İman, kişiyi ümitsizliğe sürüklenmekten, üzüntü, keder, sıkıntı, stres, öfke, gelecek kaygısı, korku ve tedirginlik gibi insana maddi-manevi zarar veren etkenlerden uzak tutar. Bütün bunların aksine son derece neşeli ve huzurlu olmasına neden olur. İmandan başka hiçbir şey insanı kurtuluşa ulaştırmaz. Nitekim imandan başka bir kulba tutunmaya kalkan insan bir türlü huzuru bulamadığını, edindiği amaçlara ulaşsa dahi mutluluğu yakalayamadığını kendisi de görür.

Özellikle hastalandığında ya da yaşlandığında hayatını adadığı şeylerin ya da kişilerin kendisine sadık olmadığını, boşa geçen yılların kendisine bu dünyada da hiçbir yarar getirmediğini düşünüp ruhen çöküntüye uğrar. O güne kadar kendisini ayakta tutan idealleri, beklentileri, dostları, sevdikleri yok olup gitmiştir.

İman ehli ise dünyaya bağlı olmadığı için bedenen uğradığı değişiklikler, çevresinde ve hayatında yaşadığı kayıplar kendisinde bir üzüntü ya da moral bozukluğuna yol açmaz. Yıllarını Allah yolunda mücadeleye adamış değerli İslam alimi Bediüzzaman Said Nursi imanın kendisine yettiğini ve kendisine bitmeyen bir ümit kaynağı olduğunu şu şekilde dile getirmiştir:

"… İşte bütün ihtiyarlığımdan ve firak (ayrılık) belâlarından gelen teessürâtıma (üzüntülerime), bana nur-u iman tam kâfi geldi; kırılmaz bir rica, kopmaz bir ümit, sönmez bir ziya, bitmez bir teselli verdi. Elbette sizlere ihtiyarlıktan gelen karanlık ve gaflet ve teessürat ve teellümâta (tasalanmalara), iman kâfi ve vâfidir. Asıl en karanlıklı ve en nursuz ve tesellisiz ihtiyarlık ve en elîm ve müthiş firak, ehl-i dalâletin (hak yoldan sapanların) ve ehl-i sefahetin (sefihlerin) ihtiyarlıklarıdır ve firaklarıdır. O rica ve ziya ve teselli veren imanı zevk etmek ve tesirâtını hissetmek için, ihtiyarlığa lâyık ve İslâmiyete muvafık ubudiyetkârâne (kulluğa yakışır bir tarzda) bir tavr-ı şuurdârâne (şuurlu bir tavır) takınmakla olur. Yoksa, gençlere benzemeye çalışmak ve onların sarhoşça gafletlerine başını sokup ihtiyarlığını unutmakla değildir…"

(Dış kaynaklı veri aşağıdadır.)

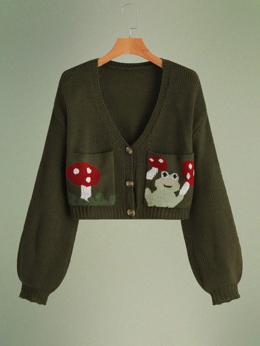 Fairycore Cárdigan Estampado De Dibujos Animados Para Mujer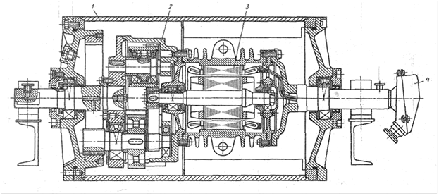 Рис. 6.8. Мотор-барабан: 1 – барабан; 2 – редуктор;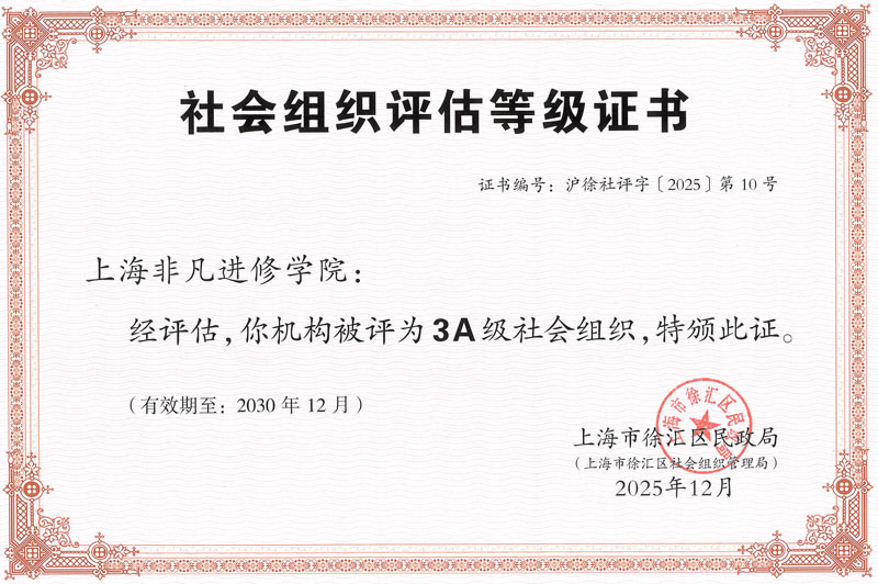 近日,上海非凡进修学院(简称 “非凡教育”)再获权威认可,凭借规范办学与诚信服务,再次获评AAA级社会组织。这不仅是对非凡20年职教深耕的肯定,也彰显了非凡教育在职业教育领域诚信办学的良好形象。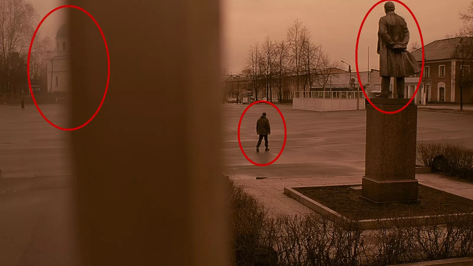 Возможно, стоит также отметить момент, когда Гофман, рассказывая о кладбище, говорит, что привел Данилу на родину немца, так как здесь лежат его предки. Эта тема родины-кладбища может легко ложиться на тему ушедшей в прошлое противоречивой страны, рудименты которой то и дело случайно бросаются в глаза — как памятник Ленину напротив церкви, на площади, по которой идет Данила в начале фильма под рассказ о смерти его отца в тюрьме.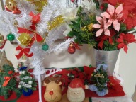 職員・来校者用玄関にはクリスマスツリーとクリスマスの飾りがあります。一中を訪れた人を和ませています。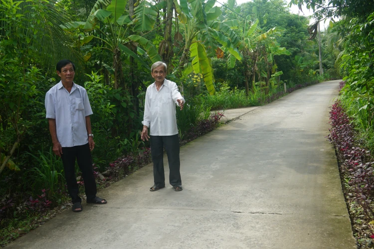Ông Huỳnh Kim Tư (bên phải) cho biết phần đất gia đình hiến tặng để làm đường giao thông nông thôn ấp.

Bir insanın, nimetler içindeyken neşeli ve mutlu olup, nimetler kendisinden alındığında bir anda bütün karakterinin değişmesi, müthiş bir sıkıntı ve kaygıya düşmesi aslında tam anlamıyla bir basitlik, küçüklüktür. Kişinin Allah'a ve ahirete gerçek anlamda bir imanı olmadığının delilidir. Aynı zamanda önemli bir akılsızlık ve kavrayış eksikliğinin de göstergesidir.

Çünkü nimeti veren de alan da Allah'tır. Mümini diğer kişilerden ayıran en önemli özelliklerinden biri de böyle bir durum karşısında göstereceği güzel ahlaktır. Mümin her iki durumda da büyük bir neşe ve teslimiyet içindedir. Müminlerin en temel özellikleri tüm varlıklarıyla tamamen Allah'a teslim olmaları, O'nun kendilerine gönderdiği Kuran'a göre hareket edip düşünmeleri, Kuran’ın dışında hiçbir zihniyet, model ve bakış açısını üzerlerinde barındırmamalarıdır.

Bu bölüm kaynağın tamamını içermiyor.